Anagai deu-se conta de que desta vez, as coisas não se passariam com facilidade.
Só que um cruzador leve, da classe Cidade, em primeira linha era uma nave de
patrulha e reconhecimento, e não uma nave de combate. Por isso, o seu campo energético
de proteção era fraco, assim como as suas armas. O Ascot não dispunha sequer de um
canhão conversor, uma vez que a velha nave, de qualquer modo, no decorrer do próximo
ano de serviço, deveria ser levada à sucata.

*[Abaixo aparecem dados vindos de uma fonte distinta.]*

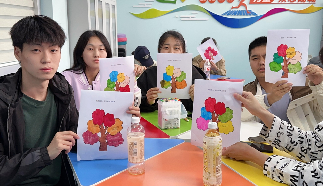 团体心理辅导活动在轻松愉快的热身环节“雨点变奏曲”中拉开序幕。跟随老师的指令同学们做出鼓掌、跺脚等相应动作,在同学们的积极配合下,现场气氛愈加浓烈。接下来,老师带领同学们开展绘制“友谊树”活动,同学们尽情想象发挥自己的创造力,将自己认为有利于“友谊树”成长的养分写在、画在树干上,每个人都兴致勃勃,拿着彩笔,画出属于自己的友谊树。接下来,老师带领同学们观看电影《夏日友情天》,在主人公产生分歧时、两人放下心结彼此支持各自的梦想片段时,许多同学都陷入了深深的感动与思考。在分享“心”感悟阶段,同学们纷纷表示在成长的道路上,都会遇到挫折和困难,朋友们可以给予我们最坚定的支持和鼓励,他们或许不能代替我们去面对,但是他们的陪伴能带给我们力量。
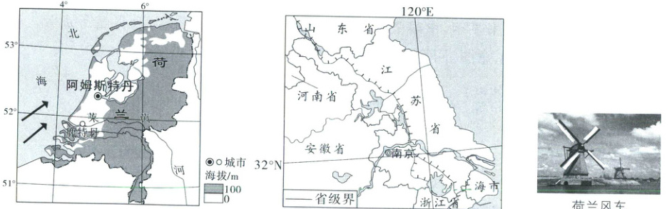材料三 荷兰和我国江苏省简图、荷兰风车图
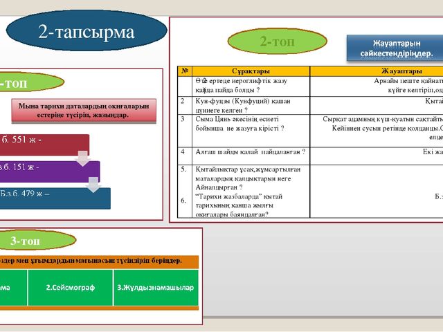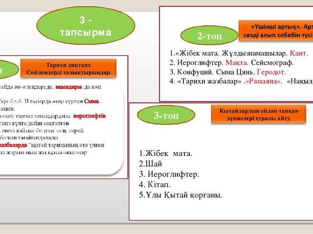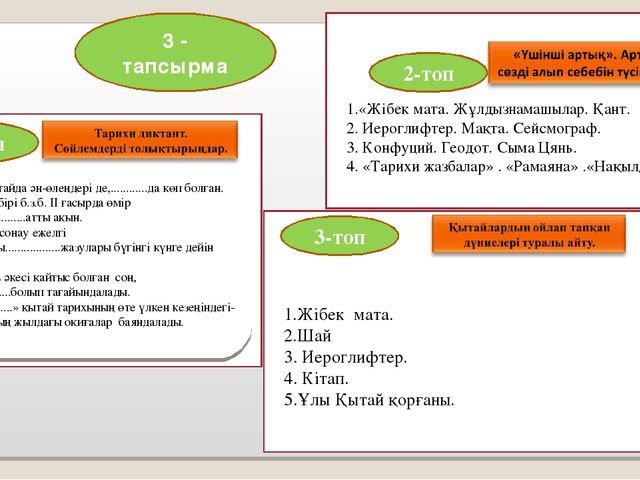 1. Математика саласындағы жетістіктерін .........көрсетеді .......талқылайды. 2.Астрономия саласындағы ашылған жаңалықтарды 3. Ежелгі Қытай дәрігерлерінің әдістерін ........... |
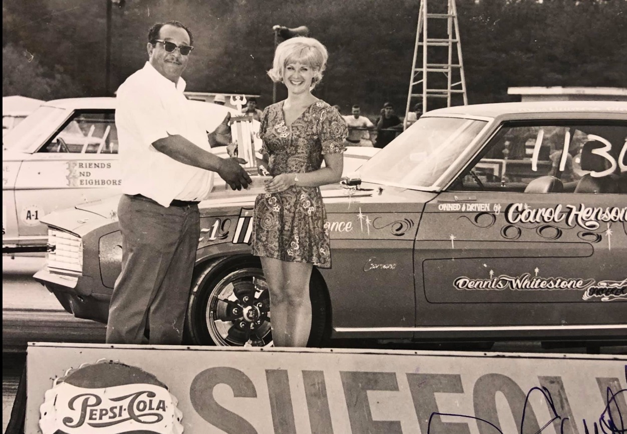 This first photo is an interesting photo of Carol Henson with the ‘Warlock’ Camaro and in the back ground is Fan Mellott with a Camaro named ‘Friends and Neighbors’.
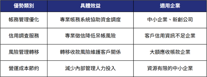 .營運成本大幅節約: 將帳務管理、信用調查、風險承擔等相關事務交由專業機構處理,對中小企業而言可減輕許多心理負擔,專注拓展公司業務,同時省去不少非必要的管理支出。
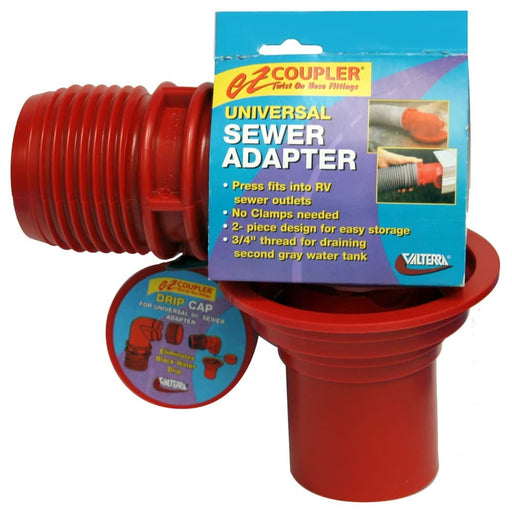 View full detailsValtterra F02-3103 Sewer Hose Connector; EZ Coupler; For Connecting Sewer Hose to Dump Station; Universal Adapter; 90 Degree Elbow; Red; With Retai...
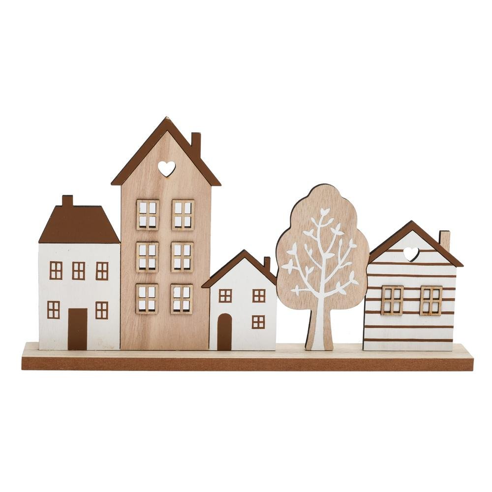 Dekorácia Domčeky drevo 30x4x17cm biela+natur

De qualquer modo, o Ascot possuía uma computação positrônica muito capaz,
como também uma tripulação treinada para ações rápidas, de cento e cinqüenta homens.
Isto, em conjunto, o tornava superior a qualquer cargueiro saltadora.
Os conversores, no interior da nave, trovejaram ensurdecedoramente, quando foram
colocados numa taxa máxima de energia. Com um salto literal, o Ascot foi atirado atrás
da nave saltadora, que, entrementes, acelerava também ao máximo de sua capacidade.
Petrus Anagai sorriu, com raiva. O comandante saltador devia saber melhor das
coisas. Que ele, mesmo assim, ousava uma tentativa de fuga, dava a entender claramente
que ele devia estar com a consciência suja.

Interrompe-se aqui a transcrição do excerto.